A jeep screeched to a halt on the tarmac. Major Reeves, the Air Wing Commander, stepped out. He looked like he hadn't slept in a week.
"Listen up!" Reeves barked, his voice fighting the coastal wind.
Three flight crews gathered around—pilots for the two Black Hawks and Hooch's Little Bird.
"We have a window," Reeves said, pointing to a map on the hood of the jeep. "The magnetic storm over the Peak has shifted. Interference is down to 40%. Command has authorized a widening of the SAR (Search and Rescue) grid."
He drew a red circle around the last known location of Alpha Team.
"We are dropping the 'Commonised Objective.' We aren't looking for a fight. We are looking for ghosts. Two Black Hawks will take the outer perimeter, 5 clicks out. Hooch, you take the inner ring."
Hooch stepped forward. "How close, Major?"
"You start at 300 meters from the abduction site. You spiral out. 500 meters. Then 1 click. Hard limit is 3 kilometers," Reeves said. "You are looking for thermal hits, strobe lights, debris. Anything."
"And if we find the hostiles?" Hooch asked. "The ones who took them?"
Reeves looked Hooch dead in the eye. "You run, Lieutenant. You turn that bird around and you burn sky back to base. Do not engage. We lost our best shooters yesterday. I'm not losing my best pilot today."
Hooch nodded, but his jaw was tight. "Understood, sir."
"You have a third man," Reeves added. He gestured to a young soldier pulling a rucksack out of the jeep. "Private Jenkins. 101st Airborne. He's your extra set of eyes and he's carrying the high-gain recording gear. If you see something, I want it in 4K."
Jenkins looked green. Not sick-green, but new-green. He looked like he was twelve years old and holding a rifle that was too big for him.
"Try not to puke in my chopper, kid," Hooch muttered. "Let's mount up."
SECTOR 7 (THE IRON COAST)
AIRSPACE OVER THE MAGNETIC PEAK
18:45 LOCAL TIME
The Little Bird was a glorified lawnmower with a rotor blade. It was small, fast, and agile, perfect for "Nap-of-the-Earth" flying.
Hooch flew with the doors off.
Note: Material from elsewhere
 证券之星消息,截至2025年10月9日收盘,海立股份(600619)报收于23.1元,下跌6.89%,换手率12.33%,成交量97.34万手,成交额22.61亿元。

The wind screamed through the cockpit, smelling of ozone and sulfur.
" entering Sector 3," Hooch said over the comms. "Initiating spiral search. Altitude 200 feet."
He banked the helicopter hard, starting the first circle. The 500-meter radius.
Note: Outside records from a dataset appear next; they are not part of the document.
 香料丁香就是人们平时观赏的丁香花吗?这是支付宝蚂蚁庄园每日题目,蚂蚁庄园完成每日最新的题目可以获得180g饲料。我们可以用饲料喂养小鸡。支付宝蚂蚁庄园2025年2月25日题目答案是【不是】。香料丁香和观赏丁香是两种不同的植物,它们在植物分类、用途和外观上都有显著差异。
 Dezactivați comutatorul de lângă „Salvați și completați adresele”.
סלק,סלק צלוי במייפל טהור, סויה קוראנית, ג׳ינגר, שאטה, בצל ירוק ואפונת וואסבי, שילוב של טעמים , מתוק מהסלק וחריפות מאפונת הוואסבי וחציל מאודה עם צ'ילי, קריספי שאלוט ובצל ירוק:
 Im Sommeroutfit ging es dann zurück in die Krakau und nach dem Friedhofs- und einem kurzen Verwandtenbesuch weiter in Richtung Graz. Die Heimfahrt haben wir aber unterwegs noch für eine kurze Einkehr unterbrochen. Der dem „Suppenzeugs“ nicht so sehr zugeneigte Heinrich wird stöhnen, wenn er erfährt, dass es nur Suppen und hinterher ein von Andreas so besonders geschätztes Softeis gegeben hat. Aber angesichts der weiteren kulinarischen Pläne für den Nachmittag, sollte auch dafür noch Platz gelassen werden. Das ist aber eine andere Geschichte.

Below them, the battlefield from yesterday was a graveyard. The carcass of the Matriarch Spider was still there, a massive, rotting mound of purple shell. Scavenger beetles—the size of dinner plates—were already picking it clean.
"Anything on the thermal?" Hooch asked.
"Negative," Sparks replied, his face buried in the sensor display. "Just residual heat from the dead bugs. Cold rocks. Cold bodies."
Hooch grimaced. "Expanding to 1 kilometer."
He widened the turn. The Little Bird dipped its nose, picking up speed.
They flew over the petrified forest. The black trees reached up like skeletal hands trying to grab the skids.
"Come on," Hooch whispered. "Give me something. A glint. A flare. Don't just be gone."
Circle two complete. Nothing.
"Pushing to 1.5 kilometers," Hooch announced. "We're getting into the deep canyons now."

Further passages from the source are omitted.